Update: I tried running WordPress on a machine at home with the same basic set of plugins. Per-request startup times were still on the order of 250-300ms, even though the machine was completely unloaded, had plenty of RAM free, and has a faster processor than the machine my site is hosted on at Pair, which makes me think that I/O is the big issue.
Next I installed the APC, which among other things, caches the parsed application code in memory the first time its loaded. This made a huge difference. Startup times dropped 10x to about 25-30ms, which had the effect of cutting the total request processing time by half. Much much better. I also noted that the per requrest memory consumption also dropped significantly, from 11MB to about 1.1MB. Unfortunately Pair.com doesn’t include APC, probably because it can take some tweaking to get it to work stabley with some PHP apps. Also, it may have security issues in shared environments. It looks like I’m going to have to try alternative hosting if I want to improve WordPress performance further.

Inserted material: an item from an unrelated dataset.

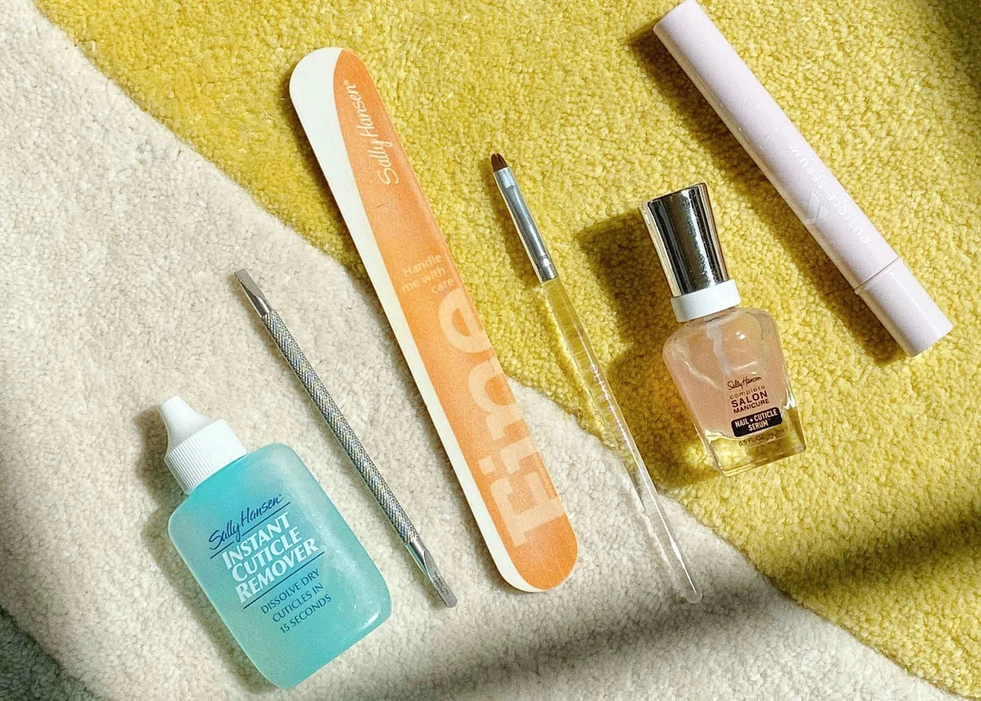 Cuticle maintenance time! I like to apply Sally Hansen Instant Cuticle Remover $5.98 for about a minute and let it do the hard work for me. This is an acid-rich gel that dissolves dead skin and further helps soften cuticles, making them easier to push back. For pushing them back I love the Tweezerman Pushy and Nail Cleaner $18.00 - it has one end for cuticle pushing and another with a sharper edge to clean up under the nail. I then trim any skin that’s loose with a cuticle nipper (also by Tweezerman).

Since yesterday we have one another great caching plugin: DB Cache
Are you talking about this?
I think this does something similar by creating a file based backend for the built in wordpress caching framework. It sounds like this file-based mechanism was built-in to wordpress 2.1 and removed in 2.5 because a lot of people had complaints from their shared hosting providers that it was causing excessive IO.
Assuming they are similar, it definitely makes a difference on my web host, but the query time was only 10% of so of total request processing time before, so eliminating it doesn’t have a big impact on overall responsiveness. What’s really needed is something that can accelerate the startup time, particularly the loading of plugins.
Hi,
I don’t know what version of PHP Speed WP, but the version I’m running shaved 17% off load times, compresses the CSS and JS, and automatically moves the CSS to load first, and JS last. It has reduced the db calls. I blogged about it here – http://itjuggler.ollis.id.au/2009/02/16/wordpress-on-speedy-wp/
Thanks for the tip. I’ll need to give it another look, though from my understanding of how it works, I don’t understand why it would cut DB calls.
I switched to a new webhost that uses an opcode cache and that has made a huge difference.